◆ **What you should do**
The entries shown here must be retyped in full, with no pictures included.

◆ **Supplied material**
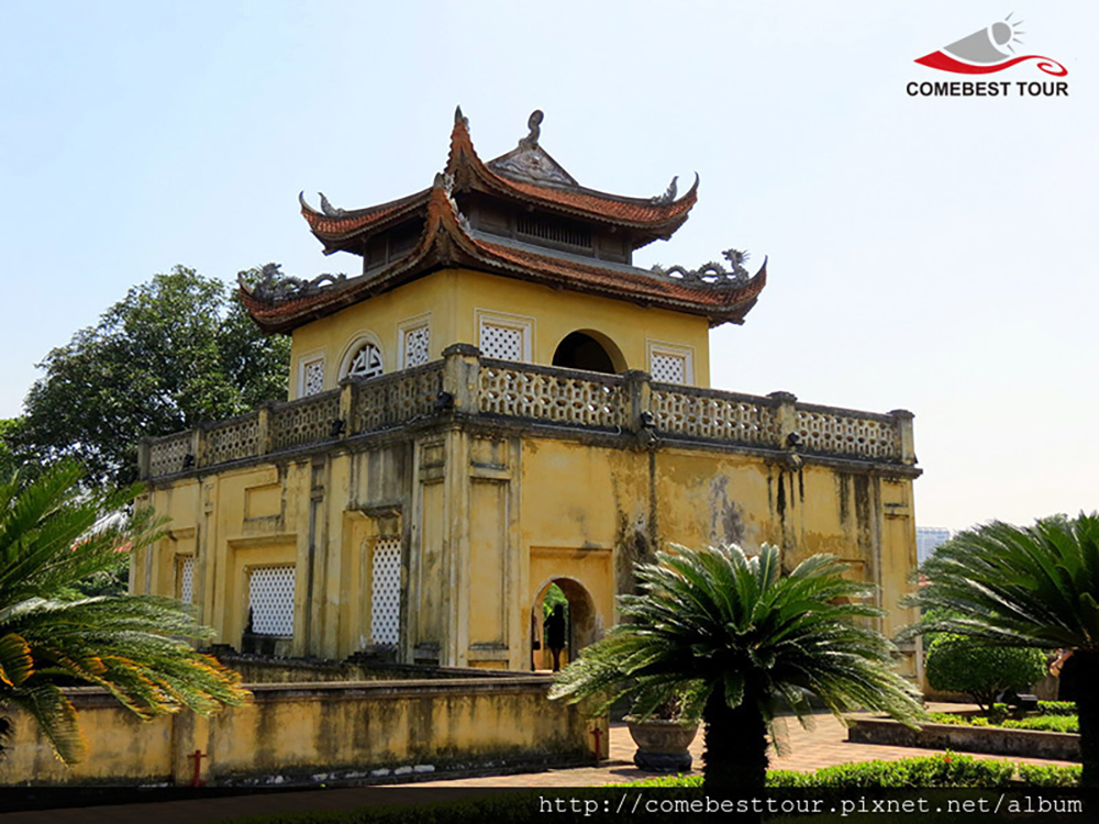 河內著名的地標「昇龍皇城」,李朝、陳朝、後黎朝曾先後建城於此,距今已有1000年歷史。正黃色的雄偉建築,一幢幢矗立皇城中,極具規劃之妙,也富含歷史和文化性,因此被聯合國教科文組織指定為文化遺產。登上五門樓可全景俯瞰廣場和城中錯落有致的門樓,遠方的軍事博物館旗塔也映在眼簾。
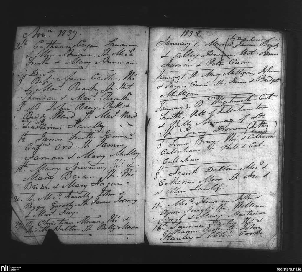 Dunderry; County of Meath; Diocese of Meath. Baptisms, Nov. 1837 to Jan. 1838
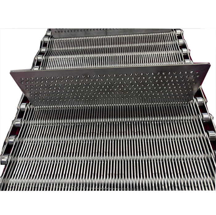 The eye links are welded on to an location wire, so that a module is created. Very narrow and very wide openings can be created, depending on the processing of the products concerned.The underwelded wire eliminates the potential bacteria traps under the spacers, springs, rings, and sleeves. This configuration makes cleaning and sanitation easy and more efficient.
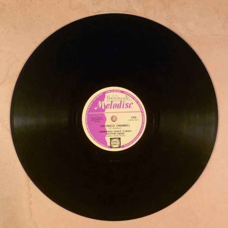 A rumba w/ mambo vibe & an instrumental bolero on this release for the collectible G.V. series. Record is V+, great shape w/ the usual backing 78rpm pressing noise & some opaque dirt or pressing wear.
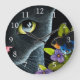 Black Cat 557 Blauer Schmetterling Blume Große Wanduhr
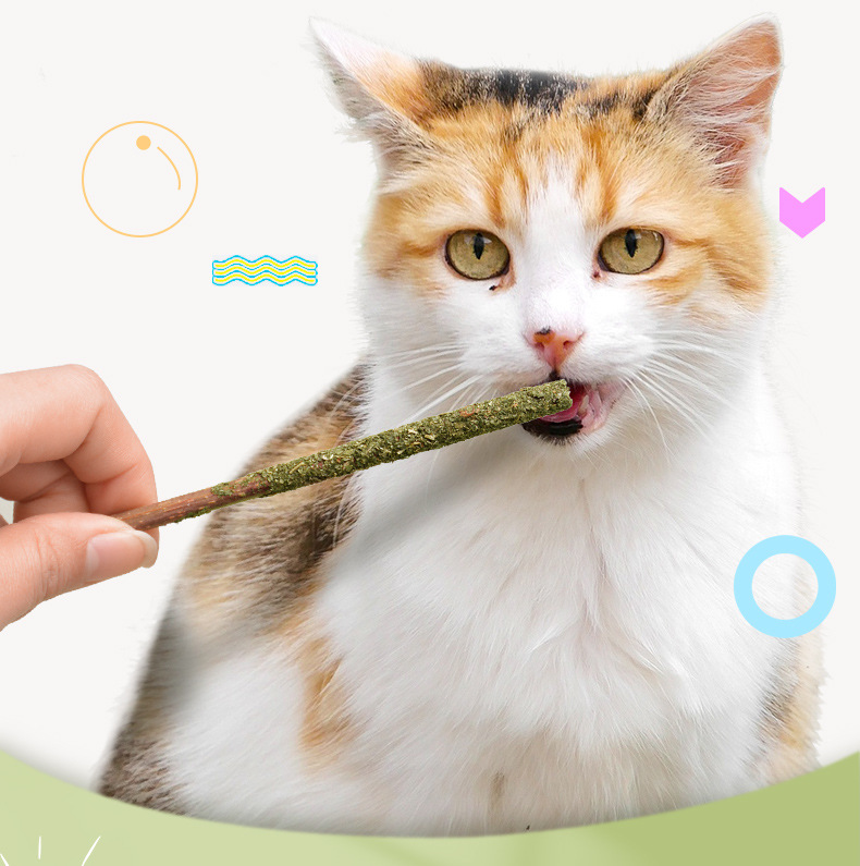 猫の歯磨き棒の歯磨き棒の幼い猫がかじって棒のミントの歯磨き棒の木の天のタデの棒をかじって猫のお菓子の用品をからかいます。
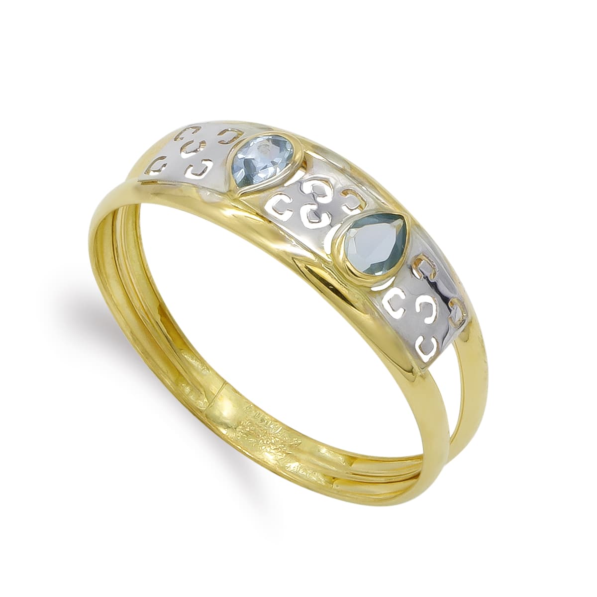18K SORTIJA BICOLOR PIEDRAS AGUAMARINA 4X3 MM

◆ **Answer**
 河內著名的地標「昇龍皇城」,李朝、陳朝、後黎朝曾先後建城於此,距今已有1000年歷史。正黃色的雄偉建築,一幢幢矗立皇城中,極具規劃之妙,也富含歷史和文化性,因此被聯合國教科文組織指定為文化遺產。登上五門樓可全景俯瞰廣場和城中錯落有致的門樓,遠方的軍事博物館旗塔也映在眼簾。
 Dunderry; County of Meath; Diocese of Meath. Baptisms, Nov. 1837 to Jan. 1838
 The eye links are welded on to an location wire, so that a module is created. Very narrow and very wide openings can be created, depending on the processing of the products concerned.The underwelded wire eliminates the potential bacteria traps under the spacers, springs, rings, and sleeves. This configuration makes cleaning and sanitation easy and more efficient.
 A rumba w/ mambo vibe & an instrumental bolero on this release for the collectible G.V. series. Record is V+, great shape w/ the usual backing 78rpm pressing noise & some opaque dirt or pressing wear.
 Black Cat 557 Blauer Schmetterling Blume Große Wanduhr
 猫の歯磨き棒の歯磨き棒の幼い猫がかじって棒のミントの歯磨き棒の木の天のタデの棒をかじって猫のお菓子の用品をからかいます。
18K SORTIJA BICOLOR PIEDRAS AGUAMARINA 4X3 MM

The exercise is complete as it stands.